In [28]:
import os
import json
import torch
import numpy as np
import pandas as pd
import networkx as nx
from tqdm import tqdm
from cdlib import evaluation, algorithms
from torch_geometric.utils import to_networkx
from sklearn.preprocessing import StandardScaler
from sklearn.cluster import KMeans

In [29]:
# Additional metrics
def compute_internal_density(G, nodes):
    subG = G.subgraph(nodes)
    n = len(subG.nodes())
    m = len(subG.edges())
    if n <= 1:
        return 0.0
    return (2 * m) / (n * (n - 1))

def compute_edges_cut(G, nodes):
    sub_nodes = set(nodes)
    edges_inside, edges_cut = 0, 0
    for u in nodes:
        for v in G.neighbors(u):
            if v in sub_nodes:
                edges_inside += 1
            else:
                edges_cut += 1
    edges_inside = edges_inside // 2 
    return edges_inside, edges_cut

In [30]:
# Load data
edges_path = os.path.join('..', '..', 'src', 'data', 'edges.csv')
edges_df = pd.read_csv(edges_path)

save_dir = os.path.join('..', '..', 'src', 'graph_dir', 'infomap_dir')
os.makedirs(save_dir, exist_ok=True)

graph_dir = os.path.join('..','..', 'src', 'data', 'graph_data.pt')
data = torch.load(graph_dir, weights_only=False)
graph = data['data']
mapping = data['idx2user']

# Extracting nodes position
G_nx = to_networkx(graph, to_undirected=True)

# Community detection with Infomap
communities = algorithms.infomap(G_nx)
print(f"Detected {len(communities.communities)} communities with Infomap")

# Global metrics
modularity_score = evaluation.newman_girvan_modularity(G_nx, communities).score
conductances = evaluation.conductance(G_nx, communities, summary=False)

Detected 37 communities with Infomap


In [31]:
records = []
for k, (cluster, cond_score) in enumerate(zip(communities.communities, conductances)):
    num_users = len(cluster)
    density = compute_internal_density(G_nx, cluster)
    edges_in, edges_cut = compute_edges_cut(G_nx, cluster)

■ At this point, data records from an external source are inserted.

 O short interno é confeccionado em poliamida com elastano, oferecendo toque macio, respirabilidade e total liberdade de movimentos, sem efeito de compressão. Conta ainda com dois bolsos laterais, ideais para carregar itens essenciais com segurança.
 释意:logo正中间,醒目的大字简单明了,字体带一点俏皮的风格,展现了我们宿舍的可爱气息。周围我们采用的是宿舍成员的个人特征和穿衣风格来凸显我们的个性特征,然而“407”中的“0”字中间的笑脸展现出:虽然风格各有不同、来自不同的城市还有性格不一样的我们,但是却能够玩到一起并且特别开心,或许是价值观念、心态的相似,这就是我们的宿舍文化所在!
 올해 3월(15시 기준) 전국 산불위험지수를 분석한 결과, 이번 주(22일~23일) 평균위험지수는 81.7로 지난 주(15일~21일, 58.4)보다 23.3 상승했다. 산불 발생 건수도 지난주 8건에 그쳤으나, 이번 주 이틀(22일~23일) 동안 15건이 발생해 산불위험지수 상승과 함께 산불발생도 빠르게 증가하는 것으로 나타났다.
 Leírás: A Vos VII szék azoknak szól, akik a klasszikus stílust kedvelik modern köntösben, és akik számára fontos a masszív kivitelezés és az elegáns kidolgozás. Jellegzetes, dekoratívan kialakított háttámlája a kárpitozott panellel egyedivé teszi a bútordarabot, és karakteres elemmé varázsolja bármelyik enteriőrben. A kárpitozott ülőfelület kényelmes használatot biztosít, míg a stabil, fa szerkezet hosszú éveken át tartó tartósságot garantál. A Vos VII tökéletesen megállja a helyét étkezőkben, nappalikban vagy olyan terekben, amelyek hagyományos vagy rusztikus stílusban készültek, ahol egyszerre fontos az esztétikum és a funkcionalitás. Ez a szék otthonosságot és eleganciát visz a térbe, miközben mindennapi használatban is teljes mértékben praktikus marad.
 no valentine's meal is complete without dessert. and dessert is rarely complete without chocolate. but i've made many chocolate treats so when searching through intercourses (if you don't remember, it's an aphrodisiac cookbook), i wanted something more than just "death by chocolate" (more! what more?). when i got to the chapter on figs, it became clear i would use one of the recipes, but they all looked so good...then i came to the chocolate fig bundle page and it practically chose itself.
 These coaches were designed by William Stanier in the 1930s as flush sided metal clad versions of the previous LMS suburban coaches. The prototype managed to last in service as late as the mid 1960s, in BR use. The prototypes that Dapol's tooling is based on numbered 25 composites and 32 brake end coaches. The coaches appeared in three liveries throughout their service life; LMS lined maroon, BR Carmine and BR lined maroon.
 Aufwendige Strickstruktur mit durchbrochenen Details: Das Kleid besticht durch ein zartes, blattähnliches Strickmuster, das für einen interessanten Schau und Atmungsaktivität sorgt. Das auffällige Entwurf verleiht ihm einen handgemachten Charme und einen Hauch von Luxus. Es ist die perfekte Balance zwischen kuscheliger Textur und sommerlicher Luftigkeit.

    # Modularity gain (cdlib fornisce score complessivo ma possiamo stimare locale)
    modularity_gain = edges_in / (edges_in + edges_cut + 1e-9)

    records.append({
        "id": k,
        "users": [mapping[node_id] for node_id in cluster],
        "num_users": num_users,
        "density": density,
        "conductance": cond_score,
        "modularity_gain": modularity_gain,
        "edges_inside": edges_in,
        "edges_cut": edges_cut
    })

df = pd.DataFrame(records)

scaler = StandardScaler()
features = df[["density", "num_users", "modularity_gain", "conductance"]].copy()
features["inv_conductance"] = 1 - features["conductance"]
features = features.drop(columns="conductance")

df["inv_conductance"] = 1 - df["conductance"]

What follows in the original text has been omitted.